Using Local Files and URLs as References

In addition to PubMed IDs and DOIs, the validator supports local files and web URLs as reference sources. This is useful when your supporting text comes from internal documentation, research notes, or web pages.

Local File References

Use the file: prefix to reference local files:

linkml-reference-validator validate text \
  "JAK1 binds to the receptor complex" \
  file:./research/jak-signaling-notes.md

Supported File Types

  • Markdown (.md) - Title extracted from first # heading
  • Plain text (.txt) - Content used as-is
  • HTML (.html) - Content preserved including HTML entities

Path Resolution

Absolute paths always work:

file:/Users/me/research/notes.md

Relative paths are resolved in order:

  1. If reference_base_dir is configured, paths resolve relative to it
  2. Otherwise, paths resolve relative to the current working directory

Configuring a Base Directory

Set a base directory for all relative file references:

from linkml_reference_validator.models import ReferenceValidationConfig
from pathlib import Path

config = ReferenceValidationConfig(
    reference_base_dir=Path("./references"),
)

Then file:notes.md resolves to ./references/notes.md.

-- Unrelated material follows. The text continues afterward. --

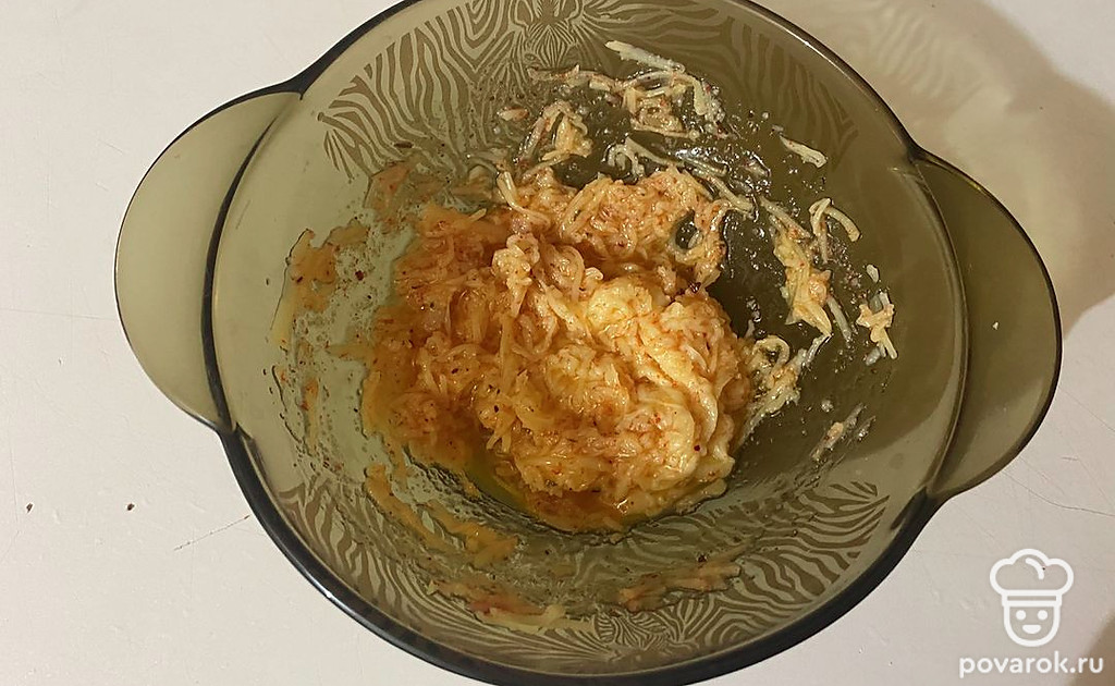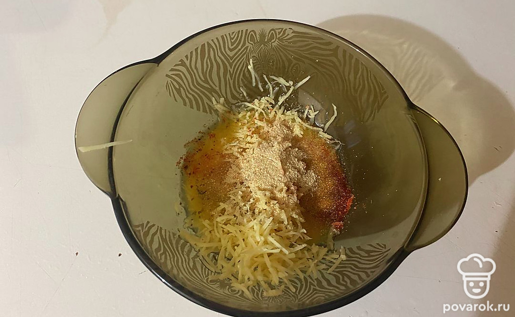 В растопленному маслу добавьте натёртый сыр, соль, чеснок и копчёную паприку.

Example: Validating Against Research Notes

Create a research file:

# JAK-STAT Signaling Pathway

JAK1 binds to the receptor complex and initiates downstream signaling.
This leads to STAT phosphorylation and nuclear translocation.

Validate:

linkml-reference-validator validate text \
  "JAK1 binds to the receptor complex" \
  file:./jak-signaling.md

URL References

Use the url: prefix to reference web pages:

linkml-reference-validator validate text \
  "Climate change affects biodiversity" \
  url:https://example.org/climate-report.html

Caching

URLs are cached the same way as PMID and DOI references:

  • First fetch downloads and caches the content
  • Subsequent validations use the cached version
  • Use --force-refresh to re-fetch

Title Extraction

For HTML pages, the title is extracted from the <title> tag. For other content types, the URL itself is used as the title.

Example: Validating Against a Web Page

# First validation fetches and caches
linkml-reference-validator validate text \
  "The quick brown fox jumps over the lazy dog" \
  url:https://example.com/pangram-examples.html

# Subsequent validations use cache
linkml-reference-validator validate text \
  "A quick brown fox" \
  url:https://example.com/pangram-examples.html

Using in Data Files

Both file and URL references work in LinkML data files:

# data.yaml
- id: local-evidence
  supporting_text: JAK1 binds to the receptor complex
  reference: file:./research/jak-notes.md

- id: web-evidence
  supporting_text: Climate impacts are accelerating
  reference: url:https://example.org/climate-report.html

Reference Type Summary

Prefix Example Source
PMID: PMID:16888623 PubMed via NCBI Entrez
DOI: DOI:10.1038/nature12373 Crossref API
file: file:./notes.md Local filesystem
url: url:https://example.com Web (HTTP/HTTPS)

Best Practices

For Local Files

  • Keep reference files in a dedicated directory
  • Use reference_base_dir for consistent path resolution
  • Use markdown for structured content with clear headings

For URLs

  • Prefer stable URLs (avoid query parameters that change)
  • Be aware that web content may change (cache helps with reproducibility)
  • Consider downloading important pages as local files for long-term stability

Limitations

  • PDF files: Not yet supported (planned for future)
  • Authentication: URLs requiring login are not supported
  • Dynamic content: JavaScript-rendered pages may not work